I’ve packaged ruby-usb as gems, available both for Windows an *nix/linux/os x
gem install ruby-usb # On *nix/linux/os x you must first install Lib-USB
At one of the projects in BEKK we bought a Betabrite Prism sign to display the status of builds. Getting the Betabrite Gem to work via USB on Windows was a bit of a challenge. I got around it, so I’d like to share it with others.
The first hurdle was to get Ruby-usb to work on Windows. Ruby-usb is a Ruby library that uses the Lib-USB C library. Ruby-usb wasn’t available as a binary gem (with compiled C extensions), so I figured I had to make one myself. Luckily there is a Windows port of Lib-USB, and I decided to try to build Ruby-usb’s C extensions against that library.

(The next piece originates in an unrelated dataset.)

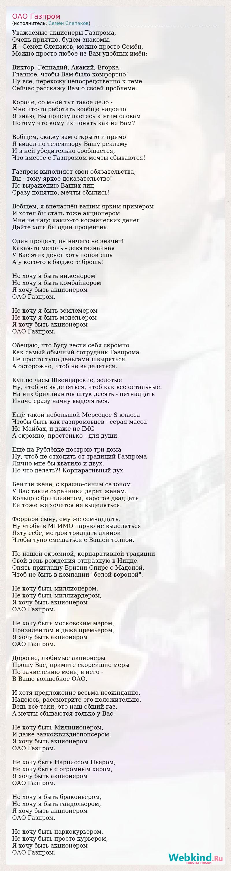 Уважаемые акционеры Газпрома, Очень приятно, будем знакомы. Я - Семён Слепаков, можно просто Семён, Можно просто любое из Вам удобных имён: Виктор, Геннадий, Акакий, Егорка. Главное, чтобы Вам было комфортно! Ну всё, перехожу непосредственно к теме Сейчас расскажу Вам о своей проблеме: Короче, со мной тут такое дело - Мне что-то работать вообще надоело Я знаю, Вы прислушаетесь к этим словам Потому что кому их понять как не Вам? Вобщем, скажу вам открыто и прямо Я видел по телевизору Вашу рекламу И в ней убедительно сообщается, Что вместе с Газпромом мечты сбываются! Газпром выполняет свои обязательства, Вы - тому яркое доказательство! По выражению Ваших лиц Сразу понятно, мечты сбылись! Вобщем, я впечатлён вашим ярким примером И хотел бы стать тоже акционером. Мне не надо каких-то космических денег Дайте хотя бы один процентик. Один процент, он ничего не значит! Какая-то мелочь - девятизначная У Вас этих денег хоть попой ешь А у кого-то в бюджете брешь! Не хочу я быть инженером Не хочу я быть комбайнером Я хочу быть акционером ОАО Газпром. Не хочу я быть землемером Не хочу я быть модельером Я хочу быть акционером ОАО Газпром. Обещаю, что буду вести себя скромно Как самый обычный сотрудник Газпрома Не просто тупо деньгами швыряться А осторожно, чтоб не выделяться. Куплю часы Швейцарские, золотые Ну, чтоб не выделяться, чтоб как все остальные. На них бриллиантов штук десять - пятнадцать Иначе сразу начну выделяться. Ещё такой небольшой Мерседес S класса Чтобы быть как газпромовцев - серая масса Не Майбах, и даже не IMG А скромно, простенько - для души. Ещё на Рублёвке построю три дома Ну, чтоб не отходить от традиций Газпрома Лично мне бы хватило и двух, Но что делать?! Корпаративный дух. Бентли жене, с красно-синим салоном У Вас такие охранники дарят жёнам. Кольцо с бриллиантом, каротов двадцать Ей тоже же хочется не выделяться. Феррари сыну, ему же семнадцать, Ну чтобы в МГИМО парню не выделяться Яхту себе, метров тридцать длиной Чтобы тупо смешаться с Вашей толпой. По нашей скромной, корпаративной традиции Свой день рождения отпразную в Ницце. Опять приглашу Бритни Спирс с Мадоной, Чтоб не быть в компании "белой вороной". Не хочу быть миллионером, Не хочу быть миллиардером, Я хочу быть акционером ОАО Газпром. Не хочу быть московским мэром, Призидентом и даже премьером, Я хочу быть акционером ОАО Газпром. Дорогие, любимые акционеры Прошу Вас, примите скорейшие меры По зачислению меня, в него - В Ваше волшебное ОАО. И хотя предложение весьма неожиданно, Надеюсь, рассмотрите его положительно. Ведь всё-таки, это наш общий газ, А мечты сбываются только у Вас. Не хочу быть Милиционером, И даже завкожвиздиспонсером, Я хочу быть акционером ОАО Газпром. Не хочу быть Нарциссом Пьером, Не хочу быть с огромным хером, Я хочу быть акционером ОАО Газпром. Не хочу я быть браконьером, Не хочу я быть гандольером, Я хочу быть акционером ОАО Газпром. Не хочу быть наркокурьером, Не хочу быть просто курьером, Я хочу быть акционером ОАО Газпром.

After a lot of reading and trial and error I finally realised I had to build Ruby-usb’s C extensions with MinGW and MSYS. I even had to build Ruby itself with MinGW/MSYS in order to get rbconfig to work. These tools are great alternatives to Cygwin, as they produce “pure” win32 binaries.
With a working Ruby-usb gem for Windows I tried out the Betabrite gem, and found a little bug that has now been fixed.
So I ended up having to fork Tanaka’s original Ruby-usb project. The code is on Gitorious and the Gem on Rubyforge. Forking is something I hate to do, but I haven’t been able to get in touch with Tanaka, and it seemed like the only way to publish Ruby-usb as gems.